Automatic injection devices offer an alternative to manually-operated syringes for delivering substances into patients' bodies and allow patients to self-administer injections. Automatic injection devices have been used to deliver medications under emergency conditions, for example, to administer epinephrine to counteract the effects of a severe allergic reaction. Automatic injection devices have also been described for use in administering anti-arrhythmic medications and selective thrombolytic agents during a heart attack (see e.g., U.S. Pat. Nos. 3,910,260; 4,004,577; 4,689,042; 4,755,169 and 4,795,433). Various types of automatic injection devices are also described in, for example, U.S. Pat. Nos. 3,941,130; 4,261,358; 5,085,642; 5,092,843; 5,102,393; 5,267,963; 6,149,626; 6,270,479; and 6,371,939 and U.S. Patent Publication No. WO/2008/005315.
Conventionally, an automatic injection device, when operated, causes a syringe in the device to move forwardly and a needle to project from a housing so that a substance contained in the syringe is ejected into a patient's body. In some cases, movement of the syringe toward the patient's skin such that the needle is inserted into the skin before pressurizing a substance inside the syringe helps prevent the substance from dripping out of the needle before the injection occurs.

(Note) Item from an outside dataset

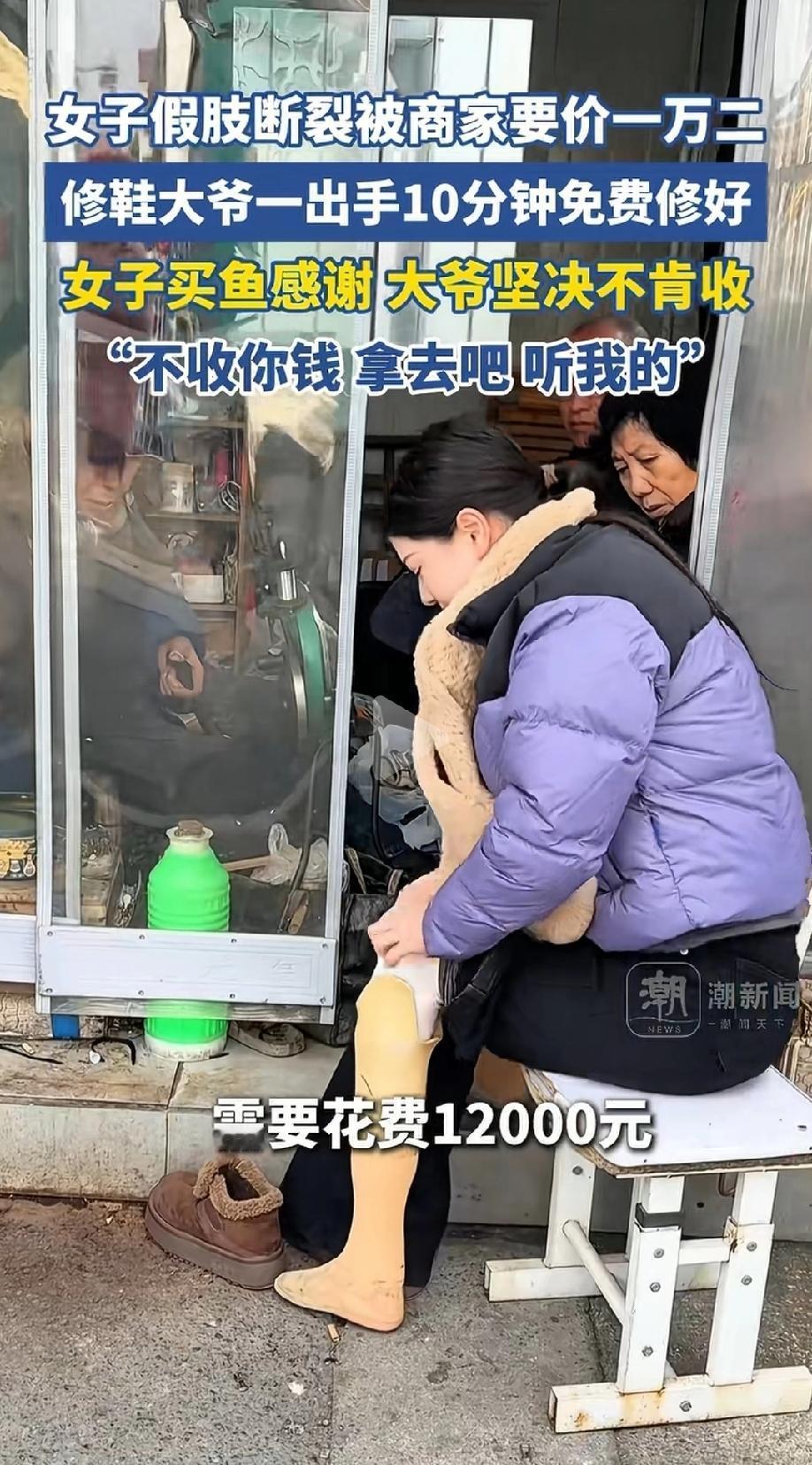 江苏无锡,女子的假肢脚底断裂,她想贴块皮加固一下,没想到商家竟表示只换不修,换下来需要12000元。这可不是一笔小数目,女子舍不得,试着找路边修鞋的大爷问了问,出乎意料的是,大爷10分钟就给她免费修好了,还做了加固防滑。女子送鱼感谢大爷,大爷说什么也不肯收。 刘女士22年前因为一场车祸失去了一条腿,从那以后就一直靠着假肢生活。 这些年她靠着自己的努力打工谋生,假肢就是她平日里最离不开的“腿”,可谁知道,这天天用的假肢,突然就出了大问题。 这天,刘女士发现自己假肢的脚底直接断裂了,这可把她急坏了。没有假肢,她连正常走路、出门打工都做不到,生活一下子就陷入了麻烦。 她赶紧联系了之前买假肢的商家,想着让对方帮忙修一下,哪怕简单贴块皮加固一下也行,只要能继续用就好。 可商家的答复,让刘女士心凉了半截。 商家明确说,假肢只换不修,想要继续用,就得花12000元换个新的。 12000元,对于靠打工过日子的刘女士来说,可不是一笔小数目,她实在舍不得拿出这么多钱,心里又着急又无奈。 不换吧,没法正常生活;换吧,这笔钱又让她难以承受,一时间刘女士不知道该怎么办才好。 就在刘女士一筹莫展的时候,她路过街边,看到了一位常年摆摊的修鞋大爷,手艺看着还不错,说不定能有办法修好假肢,哪怕只是简单加固一下也行。 于是抱着试一试的心态,刘女士忐忑地走到大爷摊前,把假肢断裂的情况跟大爷说了,还说出了商家要价一万二换新的事,语气里满是无助。 大爷听完刘女士的话,看着她着急的样子,二话不说就接过了假肢。 大爷其实从来没修过假肢,可他没有推脱,仔细看了看断裂的位置,就动手忙活起来。 涂胶、裁剪材料、细心打磨,每一步都做得格外认真,不光把断裂的地方严丝合缝地修好,还贴心地给假肢做了加固处理,最后还钉上了防滑垫,生怕刘女士之后走路打滑。 短短十分钟,原本断裂没法用的假肢,就被大爷修得结结实实,比之前还要牢固。 刘女士看着修好的假肢,又惊喜又感动,连忙拿出钱要给大爷,可大爷却一个劲地摆手,说什么也不肯收。 刘女士过意不去,想着大爷帮了自己这么大的忙,一分钱不收实在说不过去,就特意去买了几条新鲜的鲫鱼,送到大爷的摊位上,想以此表达自己的感谢。 可大爷还是坚决拒绝,语气坚定地对刘女士说:不收你钱,拿去吧,听我的! 一边是只换不修的商家,开口就索要12000元,一边是好心的修鞋大爷,十分钟免费修好,还贴心加固防滑,这么一对比,大爷的行为让刘女士心里暖暖的。 她一直记着大爷的这份恩情,想着等过完年,一定要再去好好感谢这位善良的修鞋大爷。 《消费者权益保护法》第二十四条规定:经营者提供的商品或者服务不符合质量要求的,消费者可以依照国家规定、当事人约定退货,或者要求经营者履行更换、修理等义务。 假肢属于耐用消费品、残疾人辅助器具,商家负有售后维修义务,“只换不修”并非法定免责理由。 而且,假肢仅脚底断裂,具备可维修性,修鞋大爷10分钟即可修复,证明故障轻微、维修成本极低。 商家以“只换不修”为由,无理拒绝合理维修请求,强制消费者支付12000元换新,属于剥夺消费者选择权、附加不合理交易条件,违反法律规定。 更气人的是,商家面对残疾消费者的求助,不看困难、只看利润,明知小故障可修,却故意设置“只换不修”门槛,索要12000元高价,本质是利用残疾人对假肢的刚需进行商业拿捏。 刘女士车祸致残、打工维生,本就生活不易,商家不仅没有基本同情,反而把售后变成“宰客”,冷漠又逐利。 对比之下,修鞋大爷无利可图,却出手相助、分文不取,用最朴素的手艺与善意,解决了她的生存难题。 不收钱、不收鱼,只讲良心不问回报,这份温暖恰恰照出商家的凉薄。 一件小事,却藏着最朴素的善意,修鞋大爷没有多说什么漂亮话,却用实实在在的行动,帮刘女士解决了大难题,这份不求回报的好心,也让身边的人都觉得格外暖心。

Conventional automatic injection devices can occasionally fail due to suboptimal minimum forces (FtFs) required to actuate their firing mechanisms. Conventional devices can misfire even when their firing mechanisms are not engaged with a substantial amount of force, or fail to fire even when their firing mechanisms are engaged with a substantial amount of force. For example, in a conventional device with a lower than optimal FtF, an inadvertent tap on the firing mechanism may engage the firing mechanism and cause the device to misfire and expel the substance contained in the device. This may lead to wastage or misdelivery of the substance before the patient has attached the automatic injection device to his/her body for an injection. Conversely, in a conventional device with a higher than optimal FtF, even a moderate or large force applied by a patient on the firing mechanism may fail to engage the firing mechanism and may fail to expel the substance contained in the device. This may require patients to apply excessive amounts of force to the firing mechanism to expel the substance, which may be uncomfortable to many patients and even intolerably uncomfortable to particularly frail patients. Such variability in the FtF required to actuate the firing mechanism is not desirable in automatic injection devices.